--- START ---

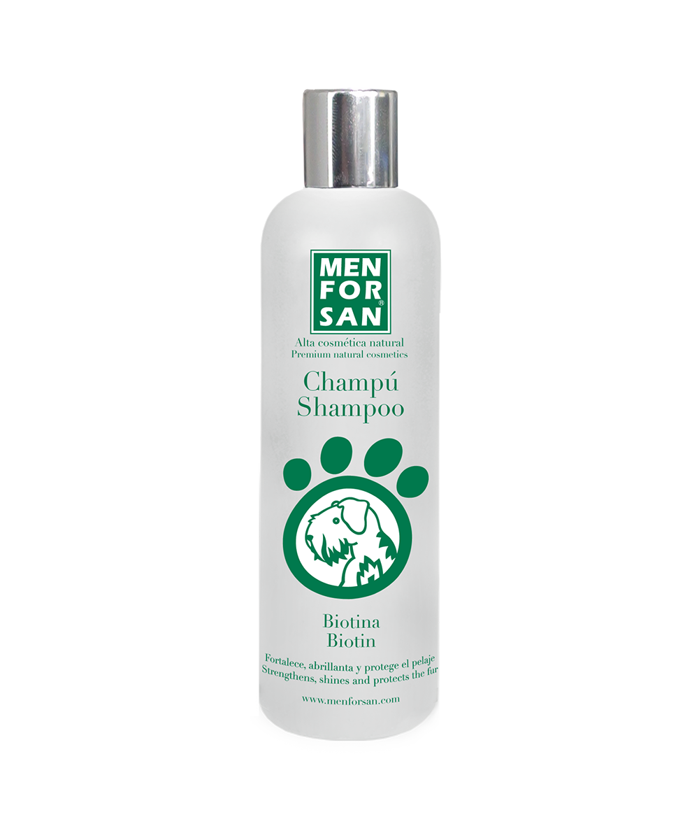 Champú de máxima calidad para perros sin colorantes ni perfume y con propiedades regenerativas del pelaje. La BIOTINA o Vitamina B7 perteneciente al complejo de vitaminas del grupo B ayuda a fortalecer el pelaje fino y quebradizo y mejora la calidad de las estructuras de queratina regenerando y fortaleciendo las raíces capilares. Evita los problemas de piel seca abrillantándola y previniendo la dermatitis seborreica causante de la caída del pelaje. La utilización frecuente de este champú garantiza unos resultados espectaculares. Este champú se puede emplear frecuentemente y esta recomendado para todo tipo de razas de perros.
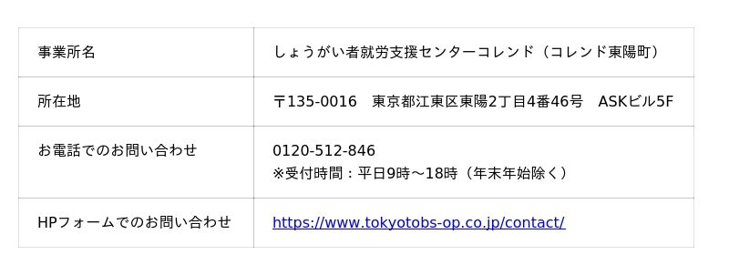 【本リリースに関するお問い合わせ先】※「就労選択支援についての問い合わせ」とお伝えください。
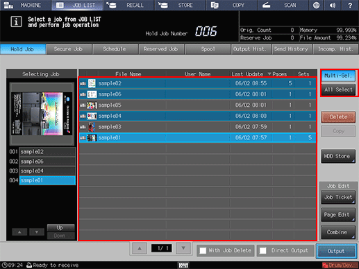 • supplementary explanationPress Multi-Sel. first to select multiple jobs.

--- END ---
--- START ---

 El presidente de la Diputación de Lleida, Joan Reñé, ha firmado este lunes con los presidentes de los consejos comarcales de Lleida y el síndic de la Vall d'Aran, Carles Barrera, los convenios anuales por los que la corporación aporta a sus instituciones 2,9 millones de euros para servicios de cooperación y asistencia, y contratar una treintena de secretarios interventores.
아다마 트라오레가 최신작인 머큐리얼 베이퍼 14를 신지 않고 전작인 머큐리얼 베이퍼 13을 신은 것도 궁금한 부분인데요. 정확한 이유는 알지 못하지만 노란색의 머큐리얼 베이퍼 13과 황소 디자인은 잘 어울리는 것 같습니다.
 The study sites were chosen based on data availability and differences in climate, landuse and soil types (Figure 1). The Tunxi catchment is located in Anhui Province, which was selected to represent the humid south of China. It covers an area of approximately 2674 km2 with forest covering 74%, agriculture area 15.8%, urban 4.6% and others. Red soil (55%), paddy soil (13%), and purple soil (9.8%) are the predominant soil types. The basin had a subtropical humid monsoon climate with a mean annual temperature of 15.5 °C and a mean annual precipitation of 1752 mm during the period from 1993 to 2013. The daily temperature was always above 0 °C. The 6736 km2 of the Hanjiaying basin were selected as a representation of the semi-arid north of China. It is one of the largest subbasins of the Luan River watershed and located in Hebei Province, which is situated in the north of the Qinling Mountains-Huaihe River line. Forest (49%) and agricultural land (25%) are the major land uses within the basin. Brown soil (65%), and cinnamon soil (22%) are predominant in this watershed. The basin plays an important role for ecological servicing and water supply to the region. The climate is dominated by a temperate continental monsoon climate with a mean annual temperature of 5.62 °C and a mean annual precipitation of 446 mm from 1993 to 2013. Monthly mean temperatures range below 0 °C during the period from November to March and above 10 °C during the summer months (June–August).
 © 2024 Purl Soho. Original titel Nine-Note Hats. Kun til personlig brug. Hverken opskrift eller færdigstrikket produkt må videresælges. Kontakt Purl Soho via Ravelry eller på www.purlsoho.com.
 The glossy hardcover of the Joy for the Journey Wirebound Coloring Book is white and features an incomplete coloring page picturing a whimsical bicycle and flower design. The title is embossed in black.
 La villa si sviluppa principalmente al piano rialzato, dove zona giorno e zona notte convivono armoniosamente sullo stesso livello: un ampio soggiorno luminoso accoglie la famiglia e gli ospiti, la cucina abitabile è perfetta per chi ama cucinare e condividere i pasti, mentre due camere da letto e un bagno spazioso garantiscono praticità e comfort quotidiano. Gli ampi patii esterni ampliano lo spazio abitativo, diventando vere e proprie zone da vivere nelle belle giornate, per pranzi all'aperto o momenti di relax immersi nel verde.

--- END ---
--- START ---

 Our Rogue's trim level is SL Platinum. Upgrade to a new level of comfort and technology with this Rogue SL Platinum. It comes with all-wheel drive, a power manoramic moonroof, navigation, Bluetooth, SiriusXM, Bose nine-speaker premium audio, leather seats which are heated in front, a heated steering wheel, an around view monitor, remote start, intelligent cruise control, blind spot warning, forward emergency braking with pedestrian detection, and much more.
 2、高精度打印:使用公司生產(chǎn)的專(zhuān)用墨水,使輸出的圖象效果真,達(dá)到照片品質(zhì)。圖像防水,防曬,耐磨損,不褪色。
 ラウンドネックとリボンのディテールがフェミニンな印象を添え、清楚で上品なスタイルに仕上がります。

--- END ---

__What you should do__
Beginning with the line containing "2、高精度打印:使用公司生產" and ending with the line containing "ラウンドネックとリボンのディ", extract those lines exactly from the listing above, and only those.

__Reply to the task__
 2、高精度打印:使用公司生產(chǎn)的專(zhuān)用墨水,使輸出的圖象效果真,達(dá)到照片品質(zhì)。圖像防水,防曬,耐磨損,不褪色。
 ラウンドネックとリボンのディテールがフェミニンな印象を添え、清楚で上品なスタイルに仕上がります。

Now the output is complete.